Where these are purely deterministic a single-argument function can be
passed into auto_replace() to generate new values:
simple_replacement <- function(vec) {
gsub(".*", "XXX", vec)
}
auto_replace(
head(replacement_rules),
simple_replacement
)
#> # A tibble: 6 × 3
#> If From To
#> <chr> <chr> <chr>
#> 1 [Scene: Central Perk, everyone is there.] Cent… XXX
#> 2 [Scene: Central Perk, everyone is there.] Perk XXX
#> 3 Phoebe Buffay Phoe… XXX
#> 4 Phoebe Buffay Buff… XXX
#> 5 Oh, Ross, Mon, is it okay if I bring someone to your parent's ann… Ross XXX
#> 6 Oh, Ross, Mon, is it okay if I bring someone to your parent's ann… Mon XXXIn addition, the user may wish to generate their own pesudo-random
replacements.
This can be done by wrapping the desired behaviour in
make_replacement_function() with the added requirement of
defining the maximum number of random states that can be generated
(e.g. if we used a toy example of the number “00” to “99” there would be
100 max random values).
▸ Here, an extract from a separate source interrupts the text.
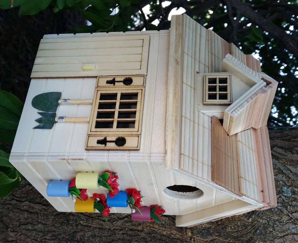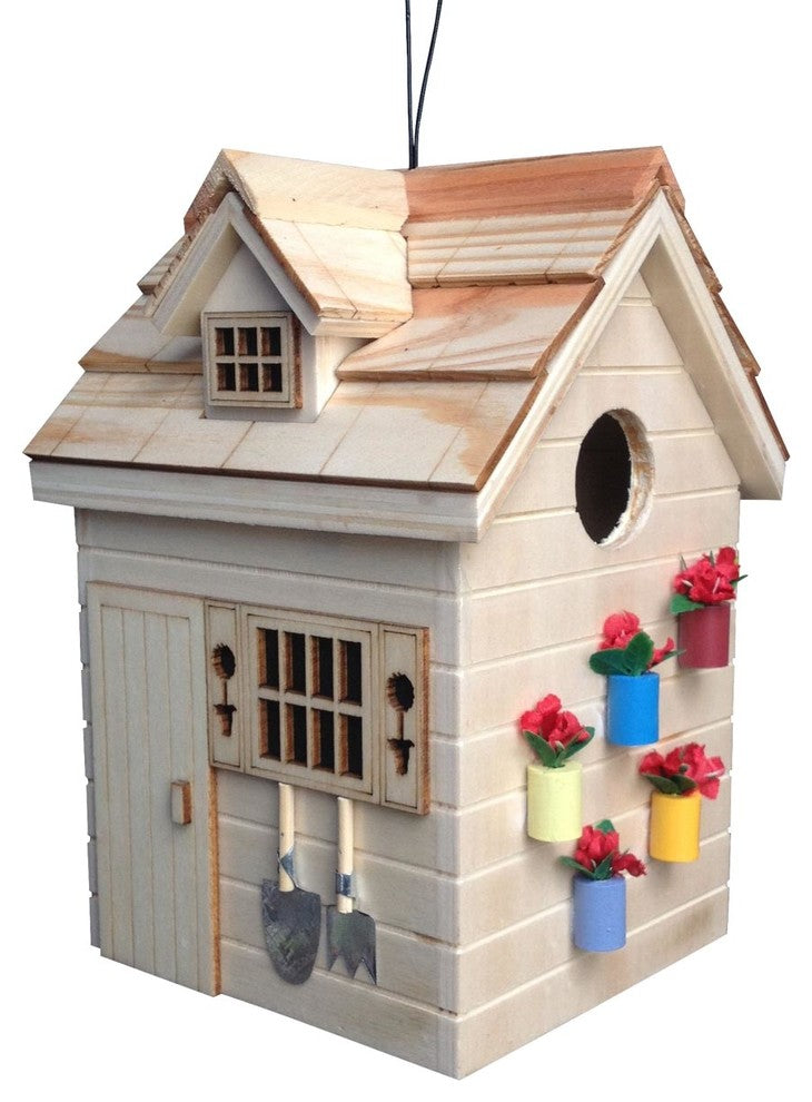 The potting shed is the heart of the garden and now the perfect bird sanctuary! This adorable potting shed in a natural finish is really a birdhouse and the future home for Wrens, Finches, Chickadees and Nuthatches, Decorated on one side with tiny potted plants, the back features a handsome garden trellis. Two charming topiary cutouts adorn the shutters while garden tools hang beneath the window frame. The house has a 1 ¼"� opening, a removable back wall, drainage, ventilation and is topped by pine shingles. A flexible wire hangar makes for easy installation. Item Dimensions: 5.75 in L x 5.75 in W x 7.75 in H

We implement this as:
numeric_replacement <- function() {
paste(sample(0:9, 2, T), collapse = "")
}
numeric_replacement <- make_replacement_function(numeric_replacement, 100)
numeric_replacement
#> replacement_function wrapping<All: FALSE>:
#> ConsistentMapper<0 of 100 values used>This fucntion can then be used in auto_replace() in the
same way as the deterministic function:
auto_replace(
head(replacement_rules),
numeric_replacement
)
#> # A tibble: 6 × 3
#> If From To
#> <chr> <chr> <chr>
#> 1 [Scene: Central Perk, everyone is there.] Cent… 41
#> 2 [Scene: Central Perk, everyone is there.] Perk 84
#> 3 Phoebe Buffay Phoe… 24
#> 4 Phoebe Buffay Buff… 05
#> 5 Oh, Ross, Mon, is it okay if I bring someone to your parent's ann… Ross 99
#> 6 Oh, Ross, Mon, is it okay if I bring someone to your parent's ann… Mon 33With the added benefit the functional representation tracks how many of the allowed values have been taken:
numeric_replacement
#> replacement_function wrapping<All: FALSE>:
#> ConsistentMapper<6 of 100 values used>With utilities supplied to retrieve the underlying key-value pairs
(see get_replacement_cache(), key_lookup() and
value_lookup()):
get_replacement_cache(numeric_replacement)
#> $Central
#> [1] "41"
#>
#> $Perk
#> [1] "84"
#>
#> $Phoebe
#> [1] "24"
#>
#> $Buffay
#> [1] "05"
#>
#> $Ross
#> [1] "99"
#>
#> $Mon
#> [1] "33"Summary
The automatic replacement tools allow users to:
- Rapidly generate redaction mappings for large datasets
- Choose between deterministic or randomised replacement strategies
- Convert replacement rules into reusable redaction functions
This approach separates PID identification from transformation, enabling reproducible and auditable redaction workflows.